Comme des Garçons Homme Plus

Comme des Garçons Homme Plus SS26. Image from SHOWstudio.

Comme des Garçons Homme Plus returned last season with a proposition.Titled Not Suits, But Suits, Rei Kawakubo dismantled tailoring as we know it through their SS26 collection, inflating jackets into sculptural forms, splitting seams with zips that exposed ruffles beneath, and stacking layers until the suit became rather ritualistic. Muted greys and blacks were paired with metallic flashes and geometric interruptions, while braided wigs and oversized headwear pushed the looks into near-mythic territory.

Rick Owens 

‍

Rick Owens SS26. Image from SHOWstudio.

Rick Owens’ SS26 menswear, Temple, unfolded as a water-drenched ritual at the Palais de Tokyo, raw and unflinching. Timed with his retrospective at the Palais Galliera, the show distilled his ethos into “tough clothes for tough times,” pulling from the fetishwear and street economies of early ’90s Hollywood while balancing brutality with moments of fragile beauty.

Wales Bonner

Wales Bonner SS26. Image from SHOWstudio.

A decade in, Wales Bonner did not overstate the moment. Their SS26 menswear show displayed a decade of craft into something sharp and assured, where precision brushed up against sportswear ease.

Maison Margiela 

Maison Margiela SS26. Image from SHOWstudio.

During Maison Margiela’s co-ed SS26 show, models appeared with metal orthodontic staples pulling their mouths wide open, functioning as a Four Stitch mouthpiece and referencing the house’s non-logo. The presentation unfolded alongside a live orchestra of 61 young musicians, reinforcing the tension between control, exposure and performance that shaped the collection. 

IM Men

IM Men SS26. Image from SHOWstudio.

For its second Paris outing, Issey Miyake’s IM Men turned to the work of Japanese ceramic artist Shoji Kamoda, translating his restless, tactile practice into cloth. The SS26 collection was an exploration of surface, movement and form.
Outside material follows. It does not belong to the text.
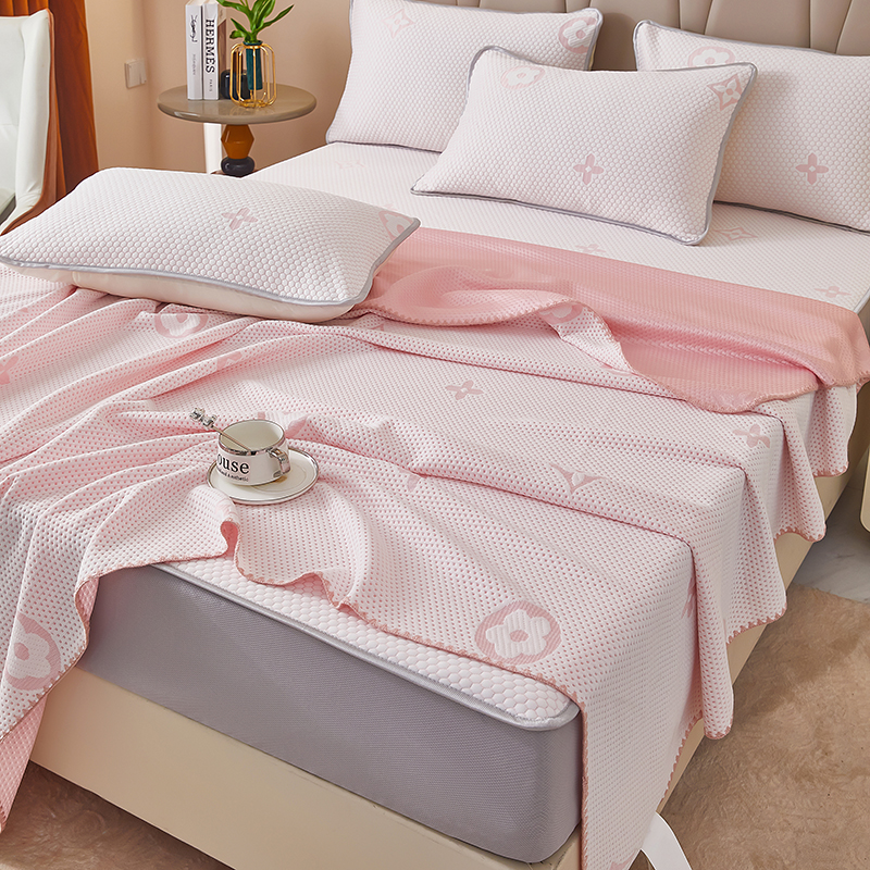 凤杰 2025新款冰豆豆凉豆豆凉席床笠款盖盖毯夏被四件套 四叶草-樱花粉,四叶草-樱花粉

Fabrics echoed the glazes and finishes of Kamoda’s ceramics: metallic silvers recalling Gintō pottery, scale-like patterns drawn from animalistic motifs, and tonal contrasts inspired by ash glazes.The result sat somewhere between clothing and object, where texture led the conversation and fashion behaved like a living sculpture.

Across Paris, designers seemed less interested in reinvention for its own sake and more focused on reorienting the houses they now lead. Texture replaced spectacle, and materials seemed to carry more meaning. Even the most theatrical presentations were grounded in lived reference. If SS26 showed anything, it was that Paris is no longer asking designers to shout. It is asking them to articulate. To understand what their house stands for now, and how that meaning is carried materially, structurally and emotionally. As the next season approaches, we’re excited to see how these designers carry this forward.